7. What project are you most proud of and why?

There are many! Certainly my 2023 exhibition, ‘Marble Arch: Marbling the Arch’, which stands out as a pioneering project as it’s the very first exhibition workshop of its kind (that I have seen) to combine fan making and paper marbling! I really wanted to create a public experience that extended fan making into another craft on the endangered list. The exhibition showcased a selection of marbled hand fans I made using three different unconventional marbling techniques. The collection toured across three community centres, admired by locals and tourists in those areas as vibrant, inspiring art works, which helped to boost mindfulness and positive wellbeing, particularly for minority and vulnerable groups.

Additionally, ‘all-aged’ fan making and paper marbling workshops took place in each hosting venue. This gave participants a unique and special opportunity to make their very own marbled paper using modern methods. The training and preparation I underwent for the project stretched me as an artist to learn new skills, including how to be a curator of my work for public display. Reading the visitor comment book for the exhibition was highly rewarding and reassured me that the objective of the project was highly fulfilled.

Victoria sitting under her wall fan display.
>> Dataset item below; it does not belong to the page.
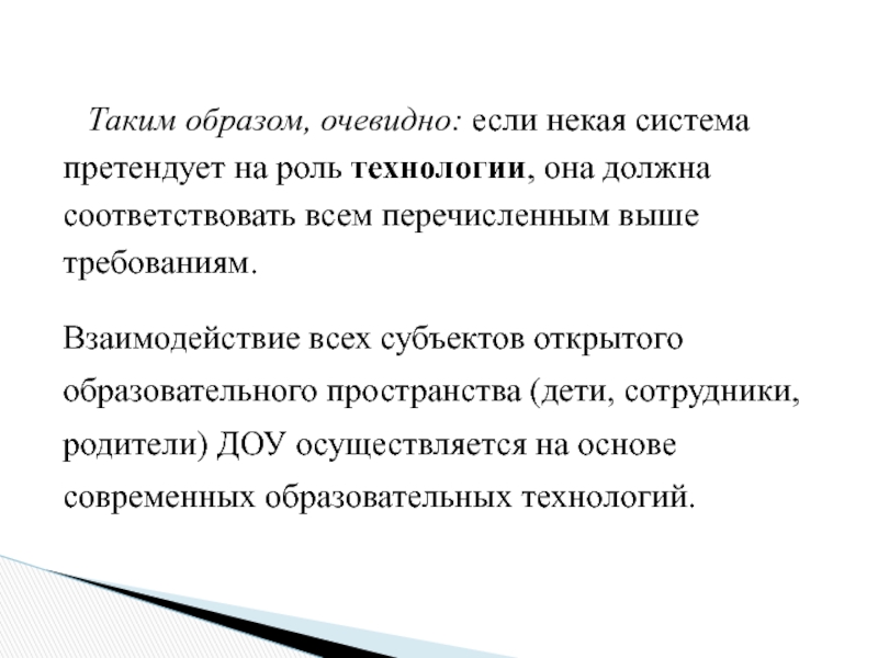 Слайд 7 Таким образом, очевидно: если некая система претендует на роль технологии, она должна

8. If someone who knows nothing about you and your practice could know one thing, what would it be?

Hand fans cover such a wide range of cultures and styles. The fixed type of fan is not only used as a cooling device, but also for agricultural and ceremonial use too. I was recently gifted a fixed fan from Africa, a woven style made from banana skin. The fan is traditionally used as a type of sieve for corn and nut making. Who would have thought of hand fans in relation to food? Fascinating!